If you found this useful, follow for more posts about practical Claude Code workflows. I write about how I run a multi-product business with AI agents handling most of the operational work.

Claude Code for TypeScript Migrations: How I Converted a 200,000-Line JavaScript Codebase Without Stopping Shipping

Nex Tools — Mon, 11 May 2026 13:18:59 +0000

Originally published on Hashnode. Cross-posted for the DEV.to community.

The first time I tried to migrate a large JavaScript codebase to TypeScript, I made the classic mistake. I planned a six-week migration project, kicked off with a team meeting, started at the top of the directory tree, and got about 4% through before the project stalled. Other work kept coming in. The migration sat in a long-running branch that diverged from main every day. Three months later, I gave up and merged the partial work back with a lot of any types and a lot of regrets.

The second time I tried, I had learned the lesson. Big-bang migrations do not work in production codebases that have to keep shipping. The migration has to be incremental, and it has to be done in a way that lets the rest of the team keep working without coordination overhead. The tools that exist for this kind of migration are good but require enormous amounts of human time to apply correctly across a large codebase.

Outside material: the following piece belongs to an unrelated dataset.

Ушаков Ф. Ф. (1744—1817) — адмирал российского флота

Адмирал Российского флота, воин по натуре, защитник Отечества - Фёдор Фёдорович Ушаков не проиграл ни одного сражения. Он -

This is where Claude Code changed the math for me. I built a migration workflow that turned what would have been a six-month project into a six-week project, and the codebase kept shipping the entire time. Today, the migration is done, the code is fully typed, and the team is faster than they were before. Here is how the workflow works.

Why Most TypeScript Migrations Fail

The reason most TypeScript migrations fail is that they are framed as a project. Projects have start dates and end dates and dedicated resources. Production codebases do not. They have a continuous stream of feature work that cannot stop, and they have a team that cannot pause for weeks to focus on a migration.

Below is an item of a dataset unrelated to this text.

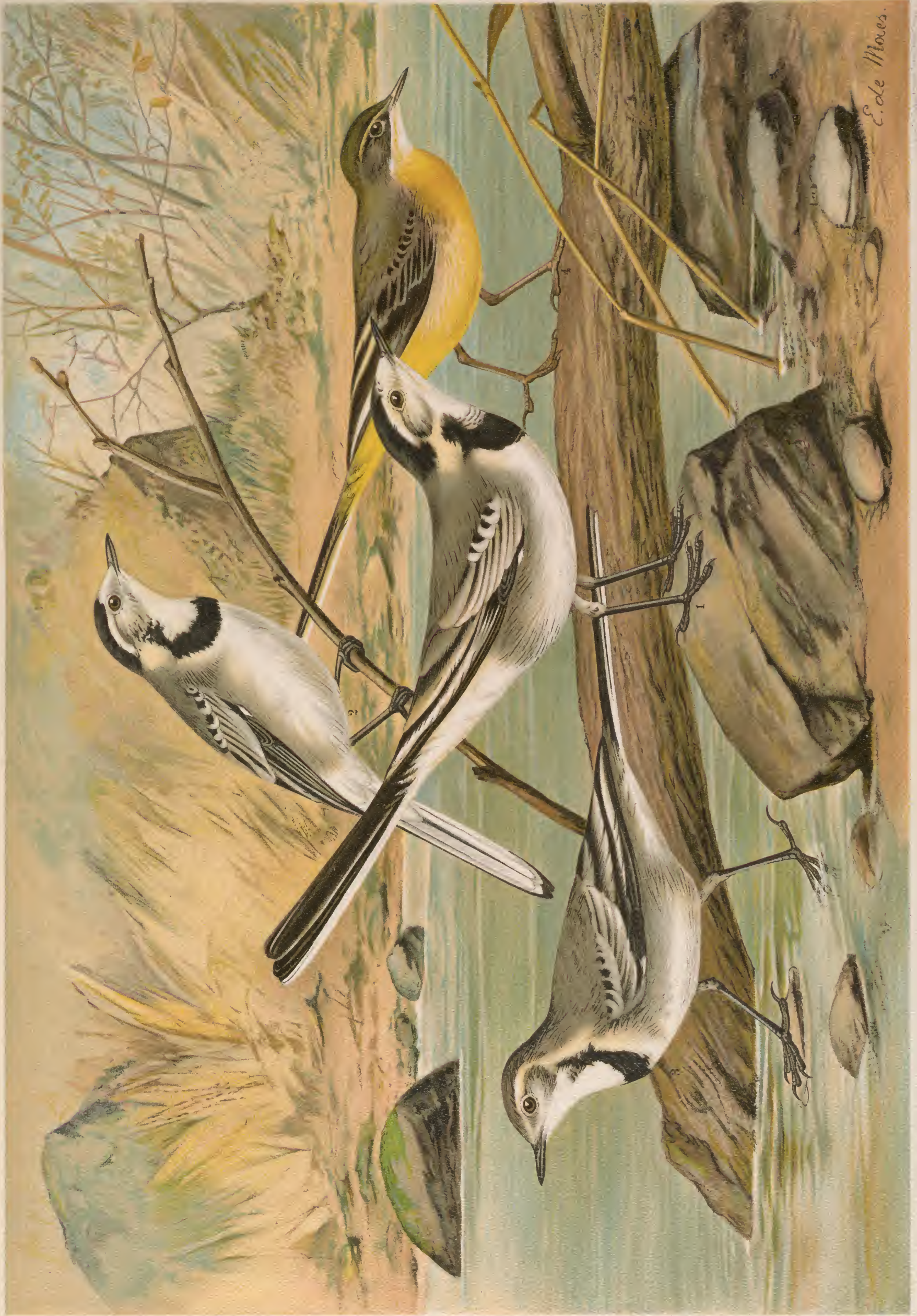
Motacilla alba L. Weisse Bachstelze. 1 Männchen, 2 Weibchen, 3 Weibchen im zweiten Jugendkleide. Motacilla boarula L. Graue Bachstelze. 4 Männchen. 5 Weibchen. 6 Weibchen im zweiten Jugendkleide.

When the migration is a project, it competes with feature work for time. Feature work always wins because feature work has external pressure. The migration loses, falls behind schedule, and eventually gets canceled or quietly abandoned.

The migrations I have seen succeed are the ones framed as a continuous activity rather than a project. The work happens alongside feature work. Each commit takes a small bite out of the migration. The bites accumulate. After a few months, the migration is done without anyone having scheduled a migration sprint.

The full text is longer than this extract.